Hacker News new | ask | show | jobs
by gregmac 2869 days ago
What sort of volume is this handling? Is the dataset in memory, or if not, what size and type of I/O is backing this? It seems like a ton of CPU, whereas in my experience typically I/O is the primary bottleneck for database loads.
3 comments

Note the second comment in the following thread:

https://news.ycombinator.com/item?id=12739771

quinthar posted in quite a lot of detail there as well, so it may provide some context.

The link says that it requires turning synchroous off, which means that you won't be waiting for real I/O on transactions, since no fsync calls are emitted. Add that to a huge amount of RAM for cache, and it's very reasonable to be CPU bound... So long as you don't mind data loss or corruption on power loss or kernel panic...
Doesn't a BBU Raid controllers largely address the power loss concern? And, I always thought BBU Raid controllers were just absolute common sense for any serious database (until everyone went cloud and suddenly basics like dual network card, dual PSU and raid controllers didn't fit Amazon's desire to sell complexity).
Well, data will be lost if anything below the OS buffer cache crashes (source http://sqlite.1065341.n5.nabble.com/How-dangerous-is-PRAGMA-...).

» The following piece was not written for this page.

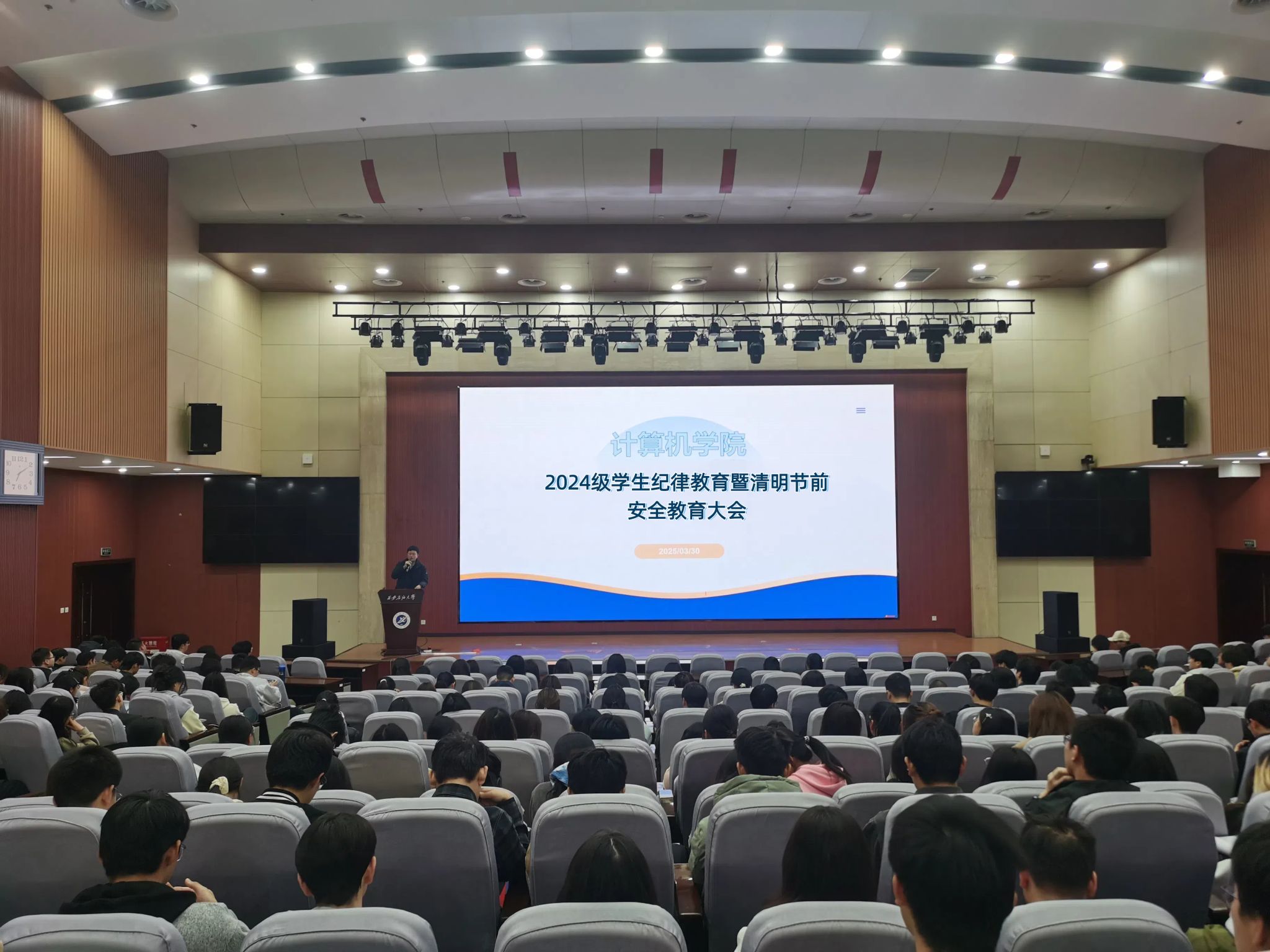 鄠邑校区弘石报告厅组织召开2024级学生清明节节前安全教育大会。会议由学院2024级辅导员李晨主持,全体2024级本科生参会。

The BBU protects from power loss of the HDs, but not power loss or general failure of the mainboard or any other important component.

PAlso BBUs can run out of battery so a flash backed BBU is generally recommended.

Without fsync, the dirty page can sit in RAM and not even be sent to the disk, so a battery backup for the disk wouldn't solve data loss.
Right..but you leave fsync on in this case, no? This might be incompatible with the locking required by this server-process edition though (I guess, no clue). But more generally speaking, fsync=on with a proper raid controller gives massive performance boost (like orders of magnitude) while being relatively resilient to power loss.
"in my experience typically I/O is the primary bottleneck for database loads"

Not when you have potentially neatly 3TB of memory cache.

Of course it all depends on the dataset.